- _Assignment_
Using the data below, transcribe exactly everything from the line that contains "In unserer Praxis" down to the line that contains "Nestled on a". Include both of those lines and none of the pictures.

- _Records_
▬▬▬▬▬▬

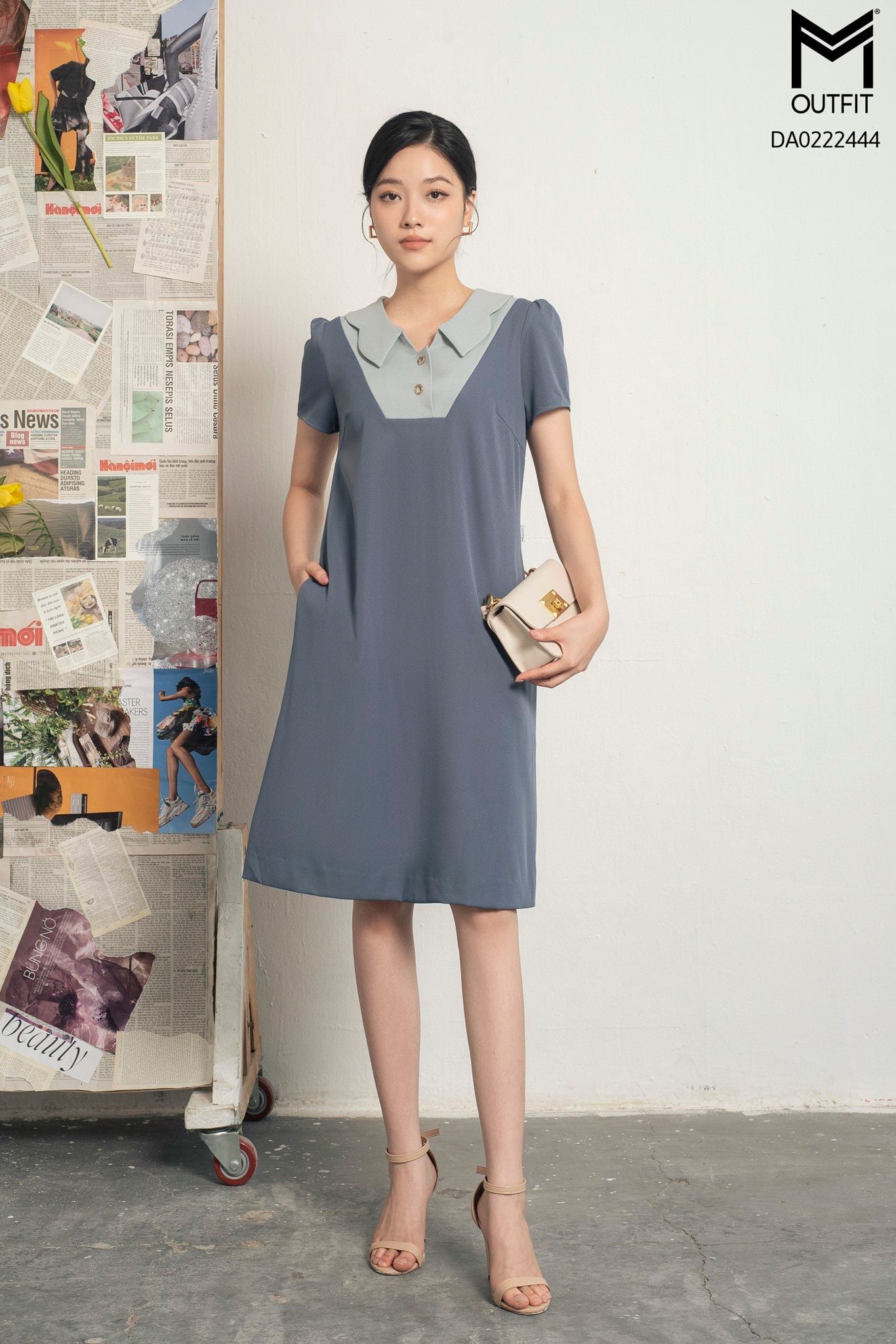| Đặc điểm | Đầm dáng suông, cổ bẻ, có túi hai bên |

▬▬▬▬▬▬

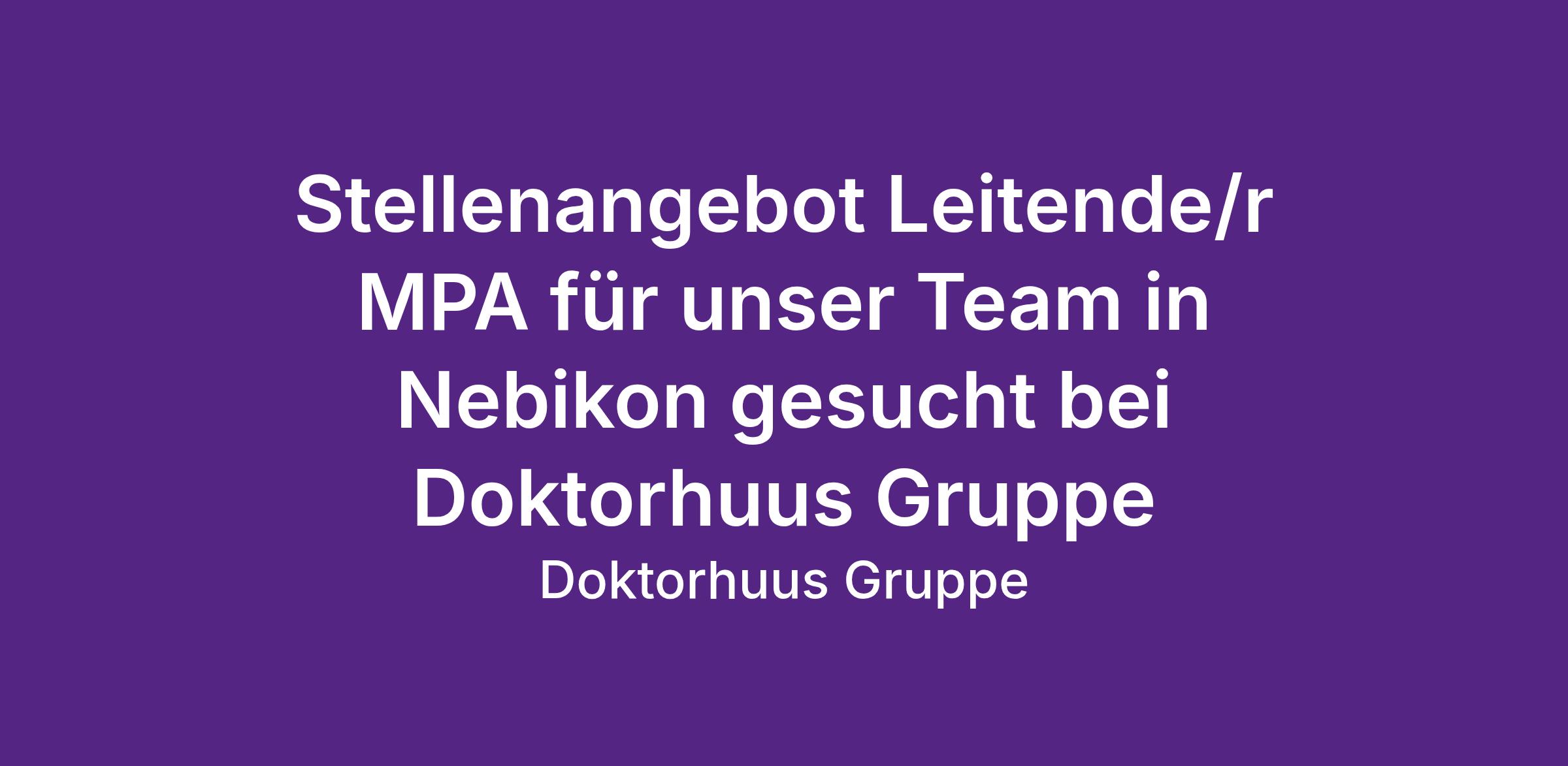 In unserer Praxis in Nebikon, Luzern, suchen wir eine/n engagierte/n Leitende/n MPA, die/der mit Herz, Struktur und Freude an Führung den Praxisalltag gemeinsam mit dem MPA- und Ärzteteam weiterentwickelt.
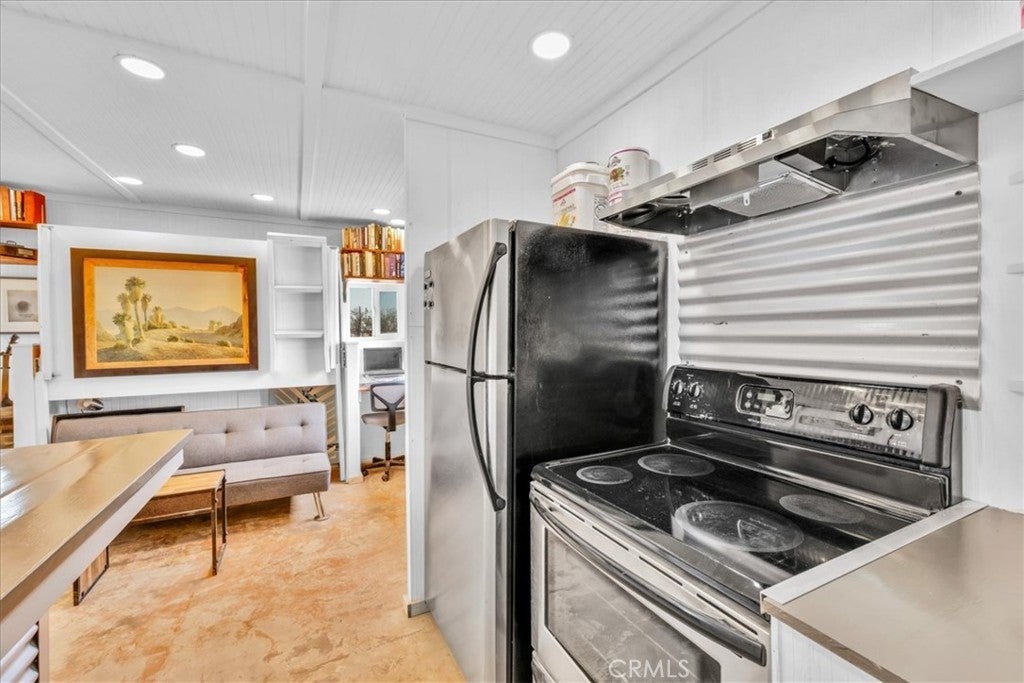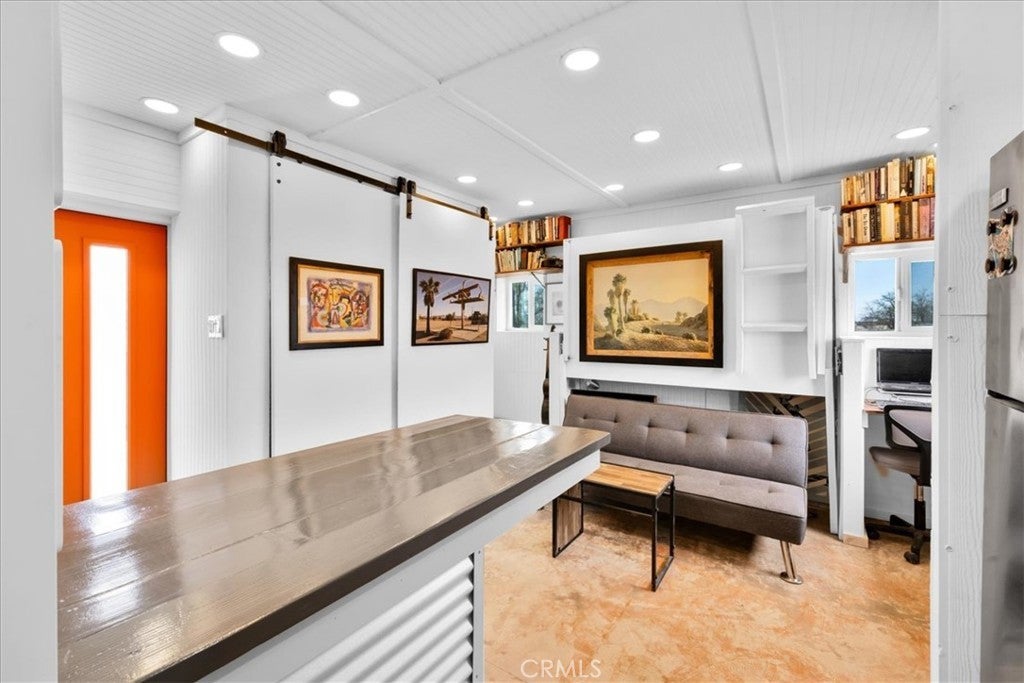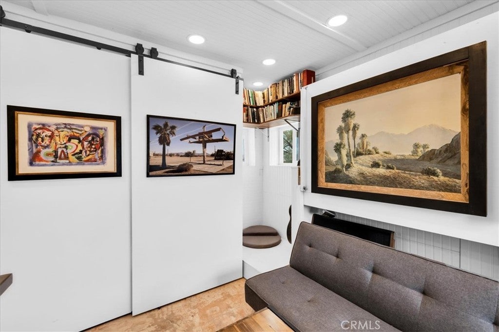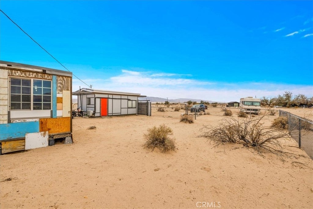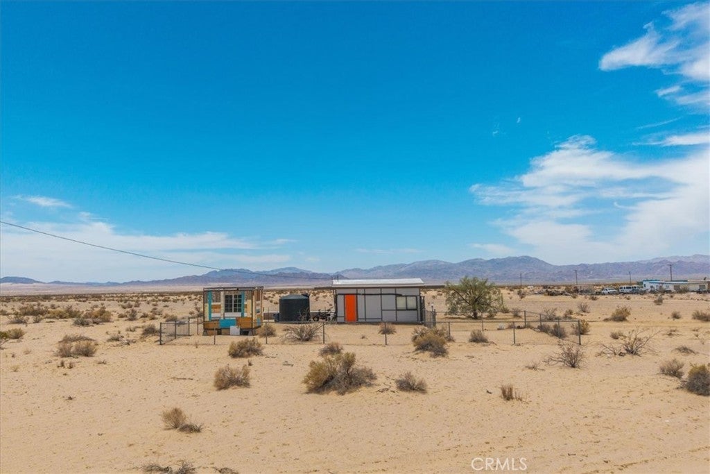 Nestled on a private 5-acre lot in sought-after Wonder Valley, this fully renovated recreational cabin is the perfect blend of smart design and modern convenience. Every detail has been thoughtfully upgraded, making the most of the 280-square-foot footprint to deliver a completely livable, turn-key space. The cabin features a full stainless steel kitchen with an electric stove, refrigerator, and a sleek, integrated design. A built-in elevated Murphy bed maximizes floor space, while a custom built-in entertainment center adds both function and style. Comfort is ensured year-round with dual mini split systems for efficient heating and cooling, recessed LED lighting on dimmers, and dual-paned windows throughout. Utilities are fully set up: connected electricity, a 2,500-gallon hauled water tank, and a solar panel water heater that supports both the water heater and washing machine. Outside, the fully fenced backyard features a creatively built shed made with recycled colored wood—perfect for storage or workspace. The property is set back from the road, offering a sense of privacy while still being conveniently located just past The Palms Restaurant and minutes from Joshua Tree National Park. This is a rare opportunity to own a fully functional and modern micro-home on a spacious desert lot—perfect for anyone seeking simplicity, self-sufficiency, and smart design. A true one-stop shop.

▬▬▬▬▬▬

- _Final answer_
 In unserer Praxis in Nebikon, Luzern, suchen wir eine/n engagierte/n Leitende/n MPA, die/der mit Herz, Struktur und Freude an Führung den Praxisalltag gemeinsam mit dem MPA- und Ärzteteam weiterentwickelt.
 Nestled on a private 5-acre lot in sought-after Wonder Valley, this fully renovated recreational cabin is the perfect blend of smart design and modern convenience. Every detail has been thoughtfully upgraded, making the most of the 280-square-foot footprint to deliver a completely livable, turn-key space. The cabin features a full stainless steel kitchen with an electric stove, refrigerator, and a sleek, integrated design. A built-in elevated Murphy bed maximizes floor space, while a custom built-in entertainment center adds both function and style. Comfort is ensured year-round with dual mini split systems for efficient heating and cooling, recessed LED lighting on dimmers, and dual-paned windows throughout. Utilities are fully set up: connected electricity, a 2,500-gallon hauled water tank, and a solar panel water heater that supports both the water heater and washing machine. Outside, the fully fenced backyard features a creatively built shed made with recycled colored wood—perfect for storage or workspace. The property is set back from the road, offering a sense of privacy while still being conveniently located just past The Palms Restaurant and minutes from Joshua Tree National Park. This is a rare opportunity to own a fully functional and modern micro-home on a spacious desert lot—perfect for anyone seeking simplicity, self-sufficiency, and smart design. A true one-stop shop.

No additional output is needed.